Introduction Of ChatGPT

As an intelligent dialogue system, ChatGPT has exploded in popularity over the last few days, generating a lot of buzz in the tech community and inspiring many to share ChatGPT-related content and test examples online. The results are impressive. The last time I remember an AI technology causing such a sensation was when GPT-3 was released in the field of NLP, which was over two and a half years ago. Back then, the heyday of artificial intelligence was in full swing, but today it feels like a distant memory.

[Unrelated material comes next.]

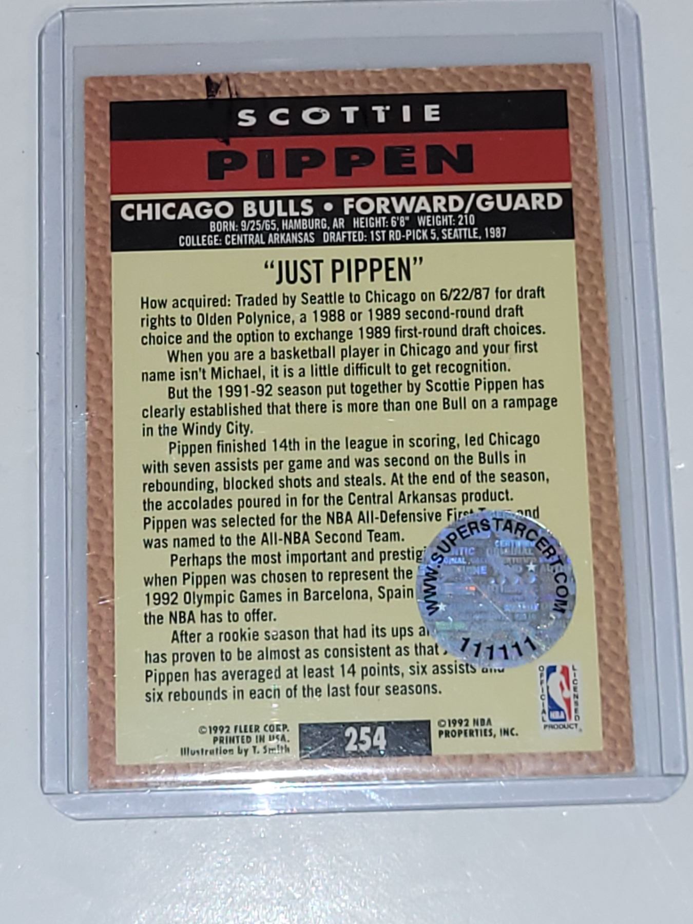 Signed Scottie Pippen Chicago Bulls NBA Basketball Card - Unauthenticated
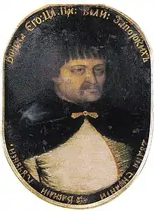 Vasily Leontiyevich Kochubey (Russian: Василий Леонтьевич Кочубей, Ukrainian: Василь Леонтiйович Кочубей, romanized: Vasyl Leontiiovych Kochubei) (c. 1640 – 15 July 1708) was a statesman of the Cossack Hetmanate of Crimean Tatar descent. His tenure was characterized by Pro-Moscow policies and was cut short by his execution on Hetman Ivan Mazepa's orders. Kochubey's great-grandson was the eminent Imperial Statesman Viktor Kochubey. The family name is also spelled Kotchoubey (French) and Kotschoubey (German, Almanach de Gotha).

In the multimodal domain, models like DaLL E2 and Stable Diffusion represented the Diffusion Model, which has been popular in the last half year with AIGC models. Today, the torch of AI has been passed to ChatGPT, which undoubtedly belongs to the AIGC category. So, in the current low period of AI after the bubble burst, AIGC is indeed a lifesaver for AI. Of course, we look forward to the soon-to-be-released GPT-4 and hope that OpenAI can continue to support the industry and bring a little warmth.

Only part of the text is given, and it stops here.